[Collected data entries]
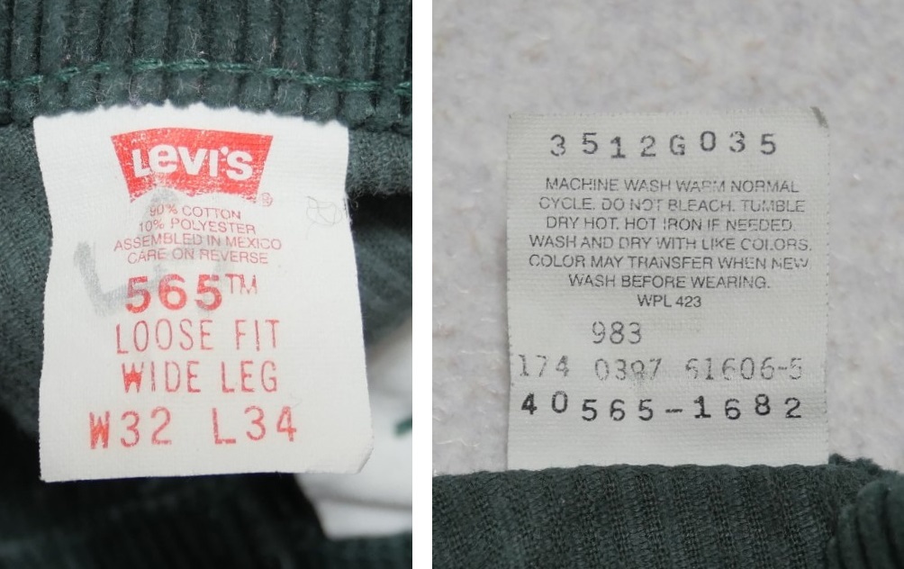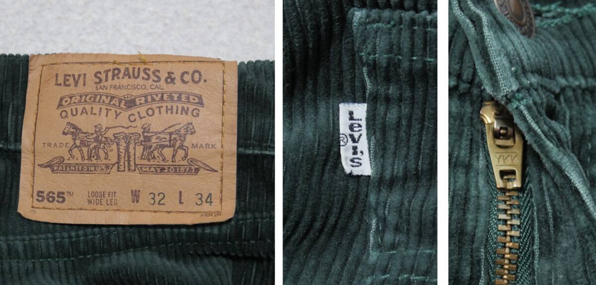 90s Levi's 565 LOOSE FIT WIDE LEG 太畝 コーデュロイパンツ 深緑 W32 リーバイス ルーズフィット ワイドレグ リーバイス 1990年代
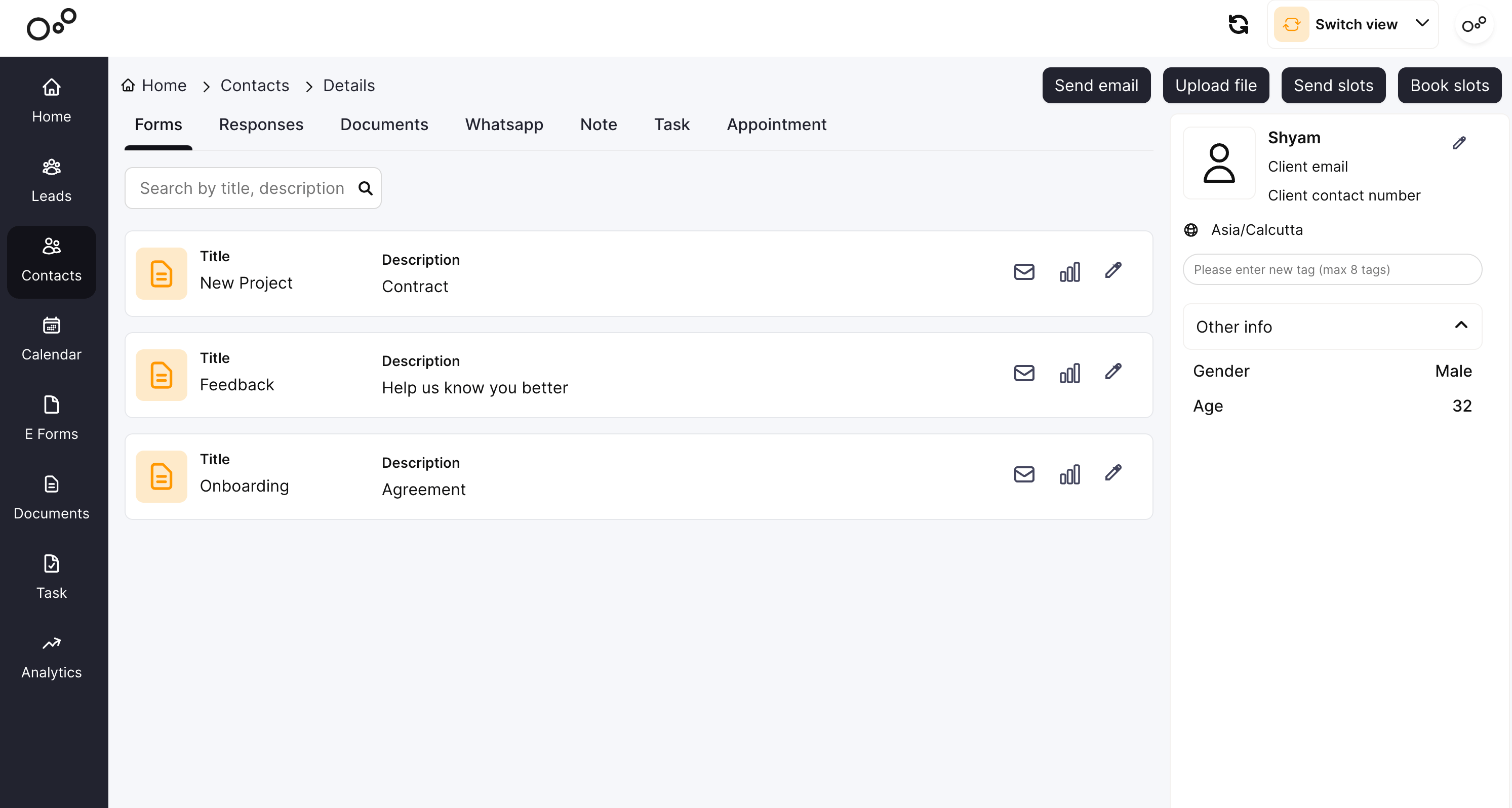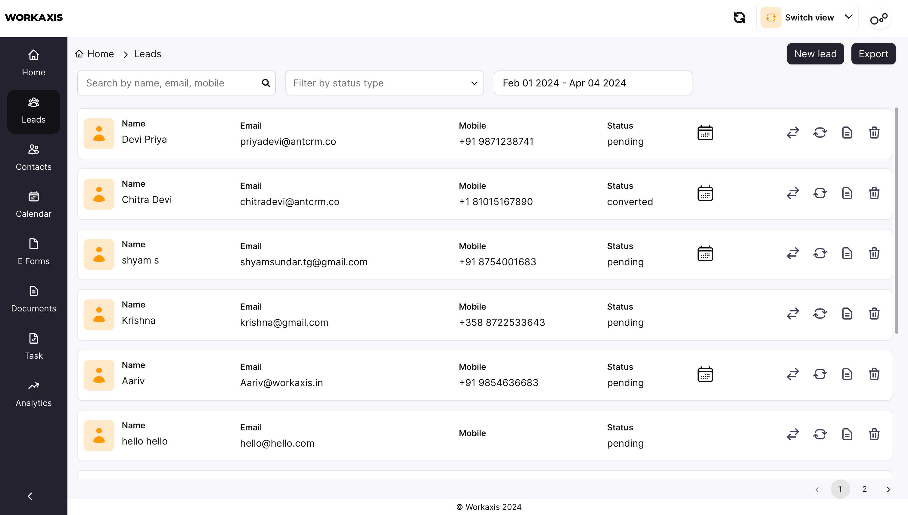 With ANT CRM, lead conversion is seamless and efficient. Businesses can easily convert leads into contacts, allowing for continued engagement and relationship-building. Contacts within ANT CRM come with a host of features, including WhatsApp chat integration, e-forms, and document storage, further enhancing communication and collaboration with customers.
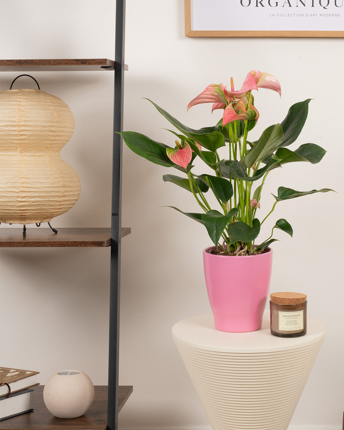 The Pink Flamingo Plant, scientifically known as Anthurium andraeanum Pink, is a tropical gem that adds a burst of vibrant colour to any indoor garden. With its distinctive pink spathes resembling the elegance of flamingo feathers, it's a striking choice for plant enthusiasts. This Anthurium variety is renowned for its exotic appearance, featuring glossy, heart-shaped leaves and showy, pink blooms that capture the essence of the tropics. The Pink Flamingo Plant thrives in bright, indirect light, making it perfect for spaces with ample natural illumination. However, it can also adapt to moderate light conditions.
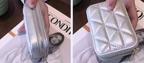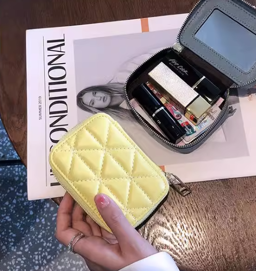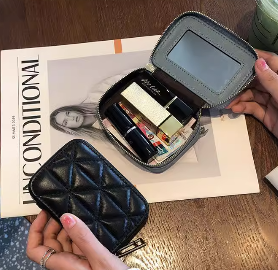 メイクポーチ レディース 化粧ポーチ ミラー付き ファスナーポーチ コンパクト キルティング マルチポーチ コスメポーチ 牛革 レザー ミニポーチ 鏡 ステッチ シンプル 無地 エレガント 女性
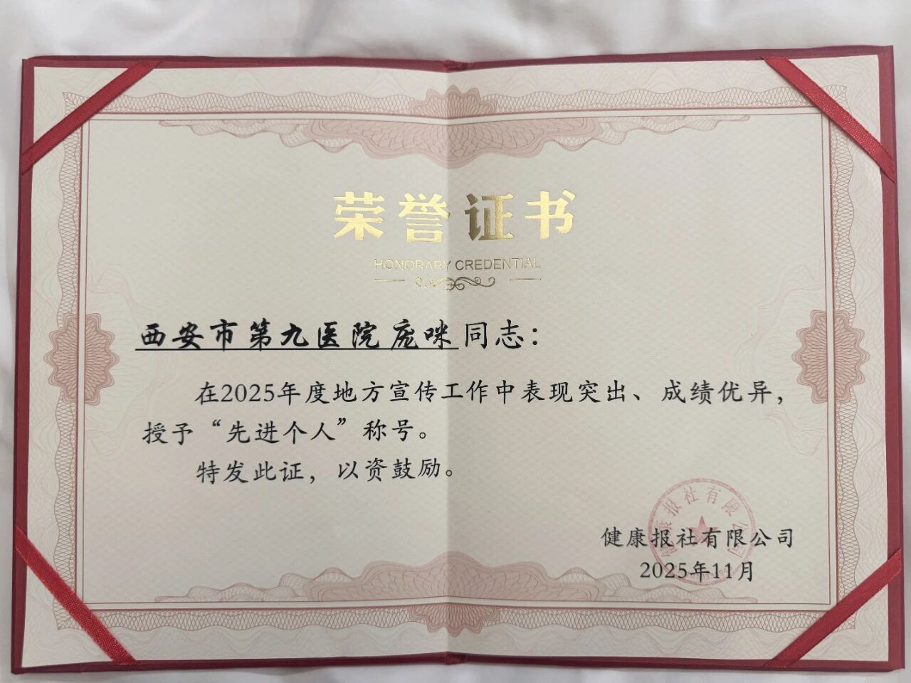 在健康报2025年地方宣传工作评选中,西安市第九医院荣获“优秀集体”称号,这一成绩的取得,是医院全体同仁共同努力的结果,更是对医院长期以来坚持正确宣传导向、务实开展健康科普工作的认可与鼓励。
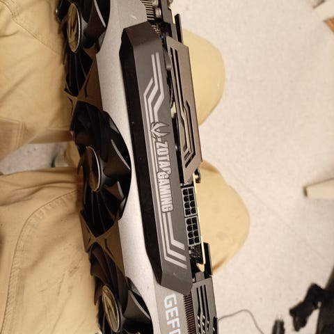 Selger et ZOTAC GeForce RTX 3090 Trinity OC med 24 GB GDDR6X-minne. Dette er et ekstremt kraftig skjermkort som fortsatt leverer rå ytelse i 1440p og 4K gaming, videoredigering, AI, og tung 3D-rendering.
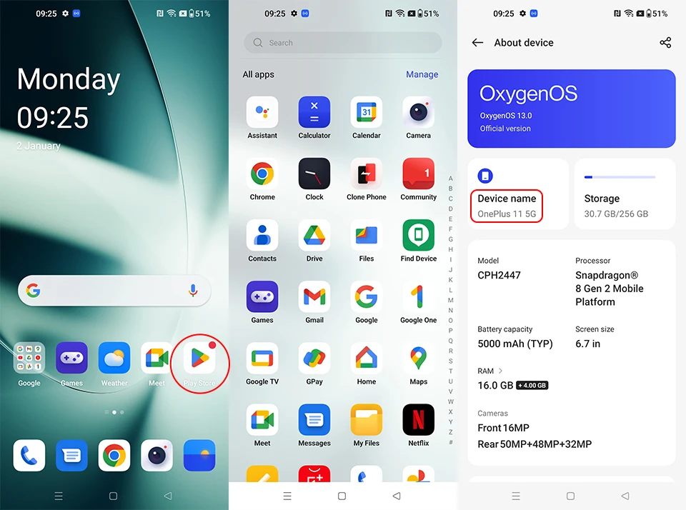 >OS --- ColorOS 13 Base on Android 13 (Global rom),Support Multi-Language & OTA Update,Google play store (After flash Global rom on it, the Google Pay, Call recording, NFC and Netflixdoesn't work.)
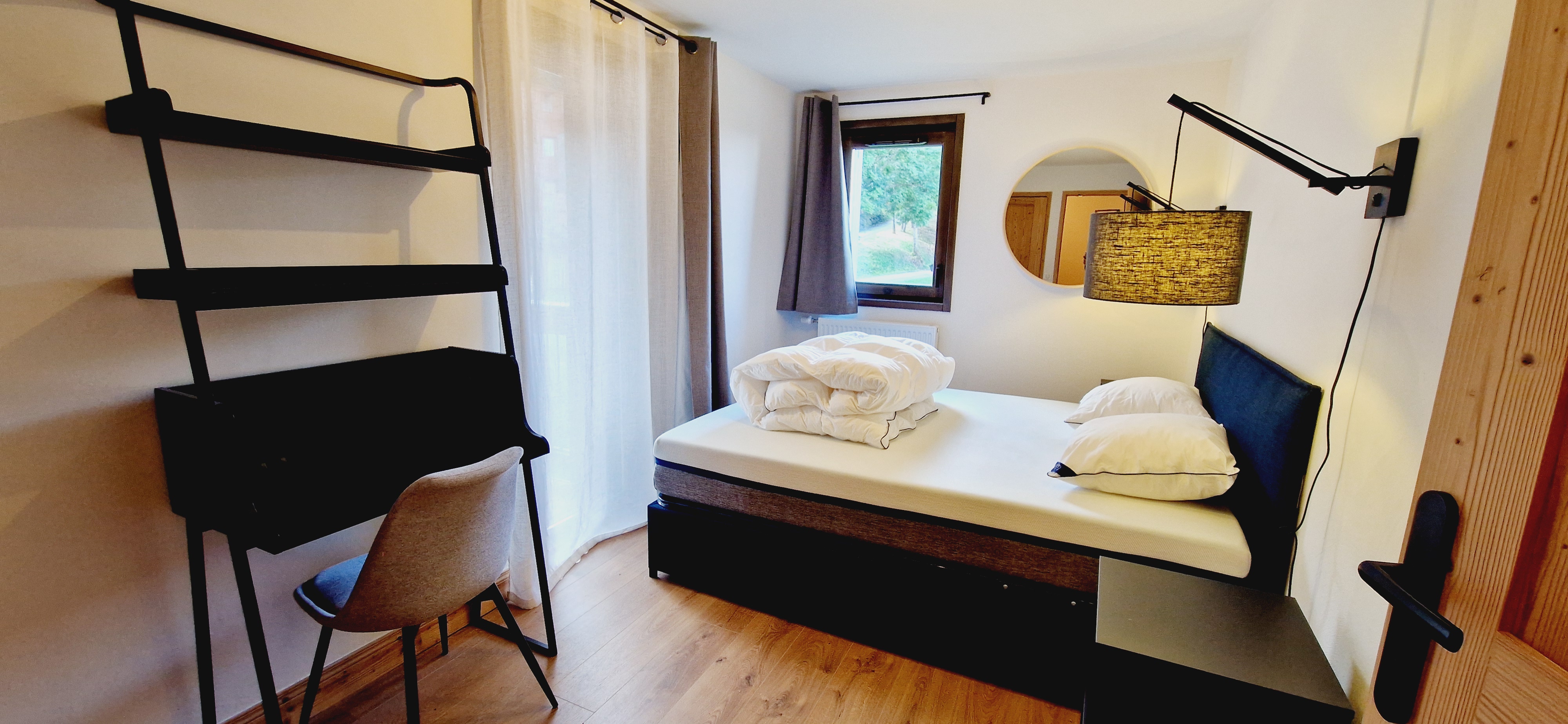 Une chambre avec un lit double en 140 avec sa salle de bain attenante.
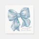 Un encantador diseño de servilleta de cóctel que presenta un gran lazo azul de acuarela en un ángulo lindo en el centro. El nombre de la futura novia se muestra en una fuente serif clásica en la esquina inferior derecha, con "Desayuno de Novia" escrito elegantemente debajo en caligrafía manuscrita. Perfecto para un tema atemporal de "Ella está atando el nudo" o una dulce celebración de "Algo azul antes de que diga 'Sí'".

Work to complete. What you return must match the lines from the top of the data through the line with "With ANT CRM, lead" exactly, with the pictures removed.

Solution to this problem.
 90s Levi's 565 LOOSE FIT WIDE LEG 太畝 コーデュロイパンツ 深緑 W32 リーバイス ルーズフィット ワイドレグ リーバイス 1990年代
 With ANT CRM, lead conversion is seamless and efficient. Businesses can easily convert leads into contacts, allowing for continued engagement and relationship-building. Contacts within ANT CRM come with a host of features, including WhatsApp chat integration, e-forms, and document storage, further enhancing communication and collaboration with customers.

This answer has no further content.